Random Number Generation and Monte Carlo Methods

by James E. Gentle


This edition incorporates discussion of many advances in the field of random number generation and Monte Carlo methods since the appearance of the first edtion in 1998. The additional or revised material also represents changes in my perception of the relative importance of various topics. The role of Monte Carlo methods and simulation in all of the sciences has continued to increase in usage.

Chapter 1 discusses methods for generation of basic sequences of pseudorandom numbers that simulate a uniform distribution over the unit interval (0,1).

In Chapter 2, I address some issues of the quality of pseudorandom generators. This discussion had been postponed until after the discussion of Monte Carlo methods in the first edition. (Chapter 2 in this edition is a revision of the first part of Chapter 6 of the first edition.)

Chapter 3 describes some of the basic issues in quasirandom sequences. These sequences are designed to be very regular in covering the support of the random process simulated. (Chapter 3 in this edition is a revision of the second part of Chapter 6 of the first edition.)

Chapter 4 discusses general methods for transforming a uniform random deviate or a sequence of uniform random deviates into a deviate from a different distribution.
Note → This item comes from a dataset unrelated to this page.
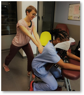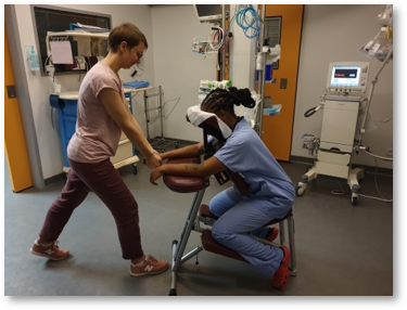 L’hôpital est un lieu où l’on soigne. Chaque jour, à Necker, des milliers de personnes prennent soin des autres. Qui pour prendre soin d’eux ? L’association ARCFA et l'association Petit Cœur de Beurre offrent au service de cardiologie l’opportunité de recevoir un massage Amma assis. Karen Lechartier y vient cultiver le bien-être toutes les semaines. « Prendre soin de ceux qui soignent, accueillent, rendent l’hospitalisation moins pénible est une réelle fierté ». (Karen Lechartier) QU’EST-CE QUE LE AMMA MASSAGE ? Le massage Amma signifie « calmer par le toucher ». Il est à l’origine des massages d’acupression tel que le Shiatsu. Il se réalise sur une chaise ergonomique de Shiatsu en position assise. Il a pour but de soulager les tensions musculaires ainsi que les avantages en matière diminution du stress, d’amélioration de la concentration, de gain de productivité et d’efficacité. À QUELLE FRÉQUENCE ? Karen Lechartier, spécialisée dans le bien-être au travail, intervient auprès des professionnels de la cardiologie de façon hebdomadaire. Chaque semaine, elle pratique les massages durant 4h, 12 professionnels peuvent donc en profiter. Tous les mois, 48 professionnels peuvent donc se faire masser. A l’heure actuelle, le service de cardiologie est le seul à en bénéficier. DES BÉNÉFICES POUR TOUS : MASSÉS, PATIENTS ET HÔPITAL Les bénéfices du massage Amma assis sont nombreux. Le kata est construit de manière à procurer relaxation et détente (corps et mental), à soulager les tensions musculaires, diminuer la fatigue et re-dynamiser en fin de protocole. Des études menées par le Touch Research Institute de Miami démontrent que le massage assis apporte une amélioration des capacités intellectuelles (vitesse et précision cognitive) et de la vigilance, une réduction de la pression artérielle, du stress et de l’anxiété, et augmente l’humeur positive, la motivation, les interactions et la cohésion grâce à la libération d’ocytocine et de dopamine dans le corps du massé. C’est pourquoi le massage Amma assis est aujourd’hui sollicité par les entreprises et institutions qui souhaitent lutter contre les risques psychosociaux, les troubles musculo-squelettiques, et favoriser le bien-être et la motivation des collaborateurs.

Chapter 5 describes methods for some common specific distributions. The intent is not to provide a compendium in the manner of Devroye (1986a), but for many standard distributions, to give at least a simple method or two, which may be the best method, but if not, to give references to better methods. Chapter 6 continues the developments of Chapters 4 and 5 to apply them to generation of samples and of nonindependent sequences.

Chapter 7 considers some applications of random numbers. Some of these applications are to solve deterministic problems. This type of method is called Monte Carlo.

Chapter 8 provides information on computer software for generation of random variates. The discussion concentrates on the S-Plus, R, and IMSL software systems.

Monte Carlo methods are widely used in the research literature to evaluate properties of statistical methods. Chapter 9 addresses some of the considerations that apply to this kind of study. I emphasize that a Monte Carlo study uses an experiment, and the principles of scientific experimentation should be observed.

The literature on the topic of random number generation and Monte Carlo methods is vast and ever-growing. The list of references contains many publications since the publication of the first edition; however, as in the first edition, I do not attempt to provide a comprehensive bibliography. As before, I do not attempt to distinguish the highly-varying quality of the literature.

The main prerequisite for this text is some background in what is generally called ``mathematical statistics''. Some scientific computer literacy is also necessary. I do not use any particular software system in the book, but I do assume the ability to program in either Fortran or C, and the availability of either S-Plus, R, Matlab, or Maple. For some exercises, the required software can be obtained from either statlib or netlib (see the bibliography). In most classes I teach in computational statistics, I give Exercise 9.3 in Chapter 9 as a term project. It is to replicate and extend a Monte Carlo study reported in some recent journal article.


I thank John Kimmel of Springer for his encouragement and advice on this book and other books he has worked with me on. I also thank the reviewers for their comments and suggestions.

I thank my wife Maria, to whom this book is dedicated, for everything.

I used TeX via LaTeX to write the book, and I used S-Plus and Matlab to generate the graphics. I did all of the typing, programming, etc., myself, so all mistakes are mine. I would appreciate receiving suggestions for improvement and notice of errors.